For brevity in code, I added the mainly used bit-combinations too so that the complete definition comes up as:

Public Enum SizeOption As Integer
  Top = 1
  Right = 2
  Bottom = 4
  Left = 8
  TopLeft = Top Or Left
  TopRight = Top Or Right
  BottomLeft = Bottom Or Left
  BottomRight = Bottom Or Right
  Caption = Top Or Left Or Bottom Or Right
End Enum

No rocket science, is it? And it defines clearly the nine options to drag a form.

Now you can check out whether a given (multiple) bool-statement (represented by an enumeration value) has one or more bits in common with a given other one:

(_SizeType And SizeOption.Top) = SizeOption.Top

will match, if _SizeType is one of the following: Top, TopLeft, TopRight, Caption.

Another way to query is:

(_SizeType And SizeOption.TopLeft) <> 0

This will match, if any of the _SizeType bits match any of the TopLeft bits. In particular: Top, Left, TopLeft, TopRight, BottomLeft, Caption.

If you query against a 1-bit-statement, the code for comparison to 0 is shorter than the first variant:

(_SizeType And SizeOption.Top) = SizeOption.Top

has the same results as:

(_SizeType And SizeOption.Top) = 0

Back to rectangle-computation

Indexable structures also imply that I can iterate them. In the case of Rect, I can iterate in two different ways: from near to far as well as from horizontal to vertical. I can nest in two ways and end up with a two-dimensional iteration.

'(Dim rct As Rect)
For far = 0 To 1
  For vertical = 0 To 1
     Dim edge As Integer = rct(far, vertical)
  Next
Next

This loops the four edges in the following order: Left, Top, Right, Bottom. And now, I build four "enumeration-queries", which can be iterated in the same way: I build a two-dimensional Array of Enums:

Private Shared _SizeOptions As SizeOption(,) = New SizeOption(,) { _
      {SizeOption.Left, SizeOption.Top}, _
      {SizeOption.Right, SizeOption.Bottom}}

Now I can iterate _SizeOptions, _FormRect-edges, and _GrabOffsets within a 2D-loop, select the affected edges, and assign values, to make the distances to the mouse position equal to the corresponding offset (principle of dragging).

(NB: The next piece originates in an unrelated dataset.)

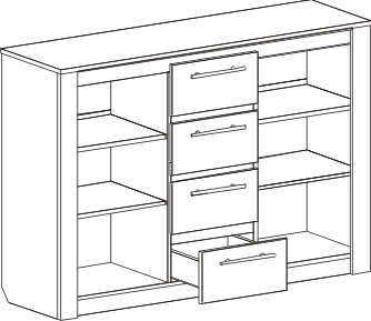 Комод оснащен четырьмя выдвижными ящиками на роликовых направляющих и двумя вместительными отделениями за распашными дверцами.

Private Sub ComputeFormRect()
   Dim ptMouse = Vector.From(Control.MousePosition)
   For far = 0 To 1
      For vertical = 0 To 1
         If 0 <> (_SizeType And _SizeOptions(far, vertical)) Then
            _FormRect(far, vertical) = ptMouse(vertical) - _GrabOffs(far, vertical)
         End If
      Next
   Next
End Sub

Computing the SnapRect

The whole story:

Public Function GetSnapFormRect() As Rect
   ComputeFormRect()
   Dim result = _FormRect
   Dim snapSize = Vector.From(SnapWindow.SnapSize)
   Dim inflated = _FormRect.Add(-snapSize, snapSize)
   For vertical = 0 To 1
      Dim horizontal = vertical Xor 1
      'get min-distance between _FormRects dragged 
      'edges and any edge of any _SnapRect
      Dim minDist = Integer.MaxValue
      For far As Integer = 0 To 1
         'filter dragged edge(s)
         If 0 = (_SizeType And _SizeOptions(far, vertical)) Then Continue For 
         For Each rct2 In _SnapRects.Where( _
                     Function(r2) Intersect1D(r2, inflated, horizontal))
            For far2 As Integer = 0 To 1
               Dim distance = _FormRect(far, vertical) - rct2(far2, vertical)
               If distance.Abs() < minDist.Abs() Then minDist = distance
            Next
         Next
      Next
      If minDist.Abs() > SnapWindow.SnapSize Then Continue For
      For far = 0 To 1
         'filter dragged edges 
         If 0 <> (_SizeType And _SizeOptions(far, vertical)) Then _
              result(far, vertical) -= minDist
      Next
   Next
   If _SizeType <> SizeOption.Caption Then
      'clip near-edges (WinApi cares for the far-edge-restriction)
      result.Near = result.Near.Intersect(_NearClip.Far).Union(_NearClip.Near)
   End If
   Return result
End Function

Now we will examine it step by step:

ComputeFormRect()
Dim result = _FormRect
Dim snapSize = Vector.From(SnapWindow.SnapSize)
Dim inflated = _FormRect.Add(-snapSize, snapSize)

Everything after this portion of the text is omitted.